The coupling of photonic leaky modes to the continuum of free space usually manifests the Fano line-shape53. Particularly, the vanished linewidth of photonic leaky modes above the light line gives rise to a new physical mechanism for extreme light localizations, which is known as the bound states in the continuum (BICs)54. Photonic BIC modes, describing the radiative characteristics of k-space band structure, are of great interest for light confinement to a 2D photonic crystal slab. The in-plane light confinement usually requests a large-area design55,56, or a discontinuous reflection barrier to enhance mode confinement57,58. However, for the nontrivial and trivial topological phase transitions of the bulk bands, they support a naturally induced band-inversion reflection. As a consequence, the photonic BIC and the band-inversion induced reflection can be combined together to significantly promote the cavity designs for exploring the fundamental limit of miniaturizing topological laser cavity and finally contribute to integrated optoelectronic devices.

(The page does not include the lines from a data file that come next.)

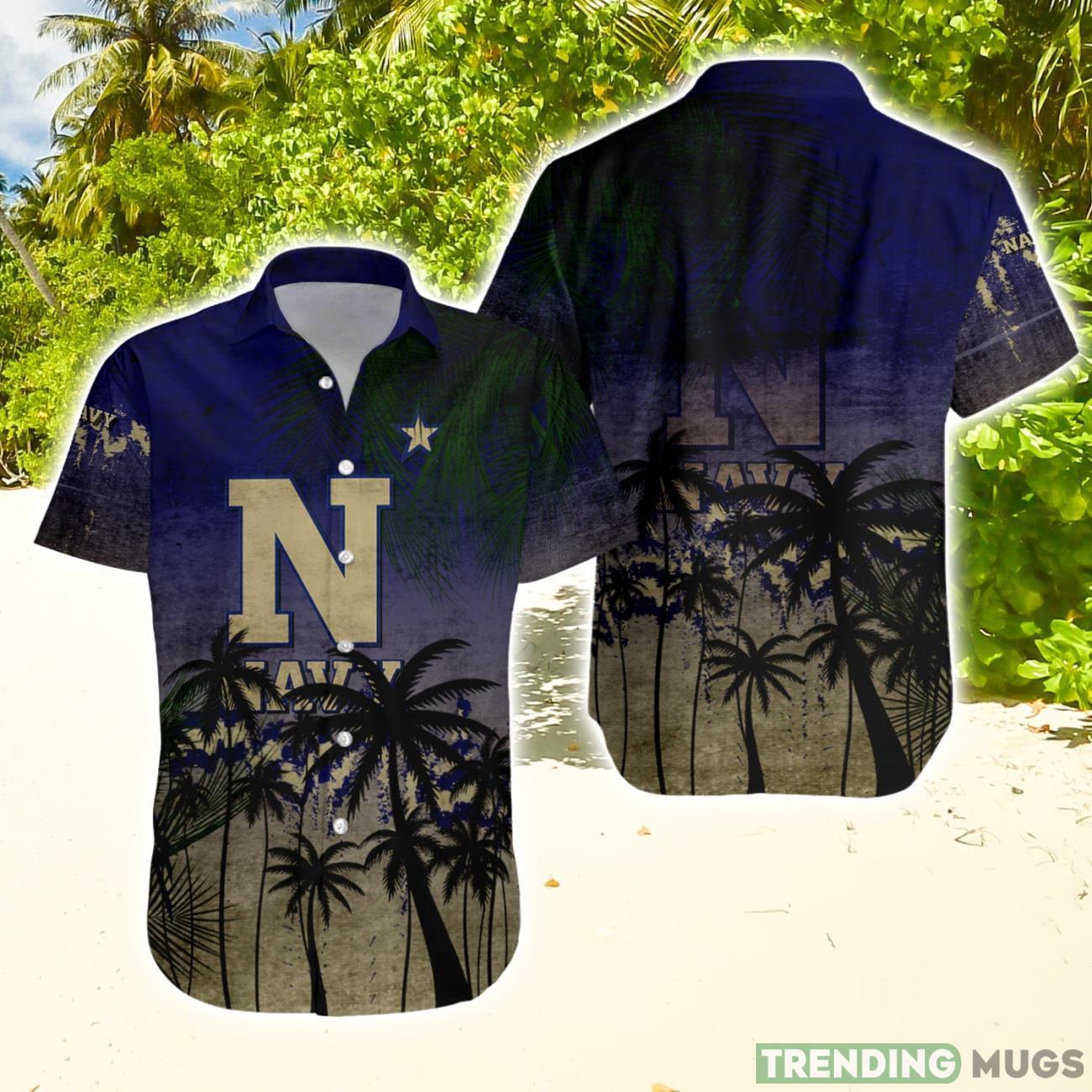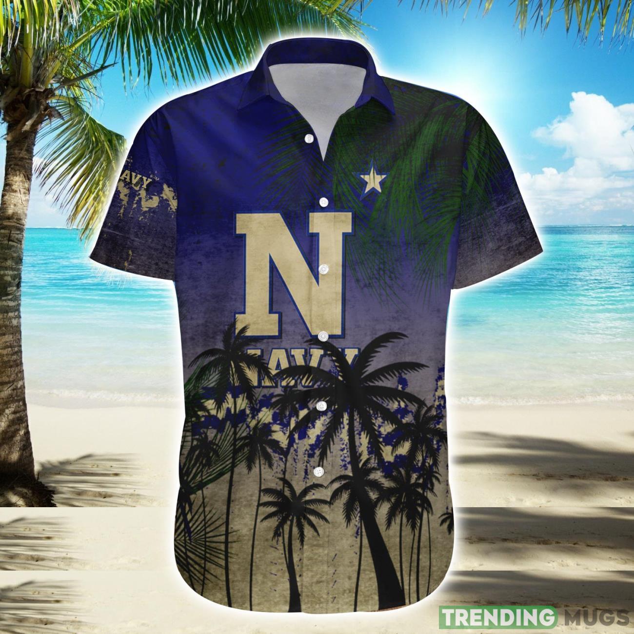 Navy Midshipmen Hawaiian Shirt Summer Gift Coconut Tree Tropical Grunge Pattern For NCAA Fans Details: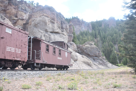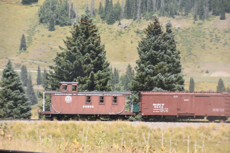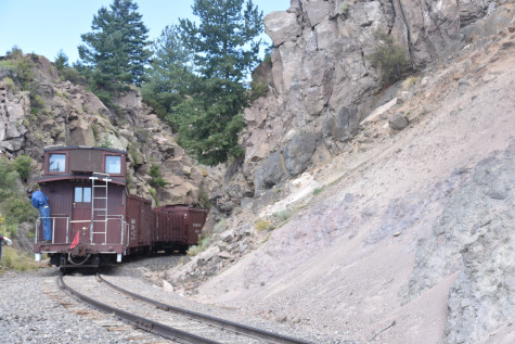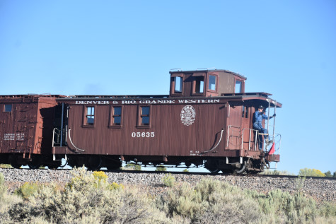Denver and Rio Grande Western caboose 05635. We reboarded and proceed to the next location of Lava Tank.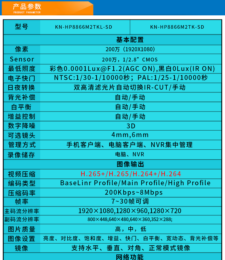 - 智能聲光報警高清攝像機 KN-HP8866M2TK-SD
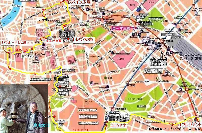 『ローマの休日』 ![]() トレヴィの泉からホテルまで歩いた道筋です(黄色) |

The electrically pumped semiconductor lasers are among the most important sources owing to their high efficiency, compactness, and solid-state stability59,60. For the mid-infrared and terahertz radiations, quantum cascade lasers (QCLs) are the most important sources operating under electrical pumping61,62, which have been implemented by isolated ultracompact resonators63,64. While demonstrating single-mode lasing, the emission power from such isolated cavity is usually weak. To enhance the emission power, artificially designed distributed-feedback (DFB) gratings can be patterned on the top of a ridge laser65,66,67,68. As results, the DFB-based QCLs can give rise to near Watt-level emission and maintaining single-mode emission at the same time due to their interfered diffraction mechanism for mode selection and amplification67,68. However, in addition to single-mode operation, research on QCLs still request for nontrivial beam engineering (e.g., circular polarized beams, vortex beams, and vector beams) and high optical emission from a single laser device56,69, which is highly desired for advanced optoelectronic applications, such as communications, imaging, spectroscopy, and so on.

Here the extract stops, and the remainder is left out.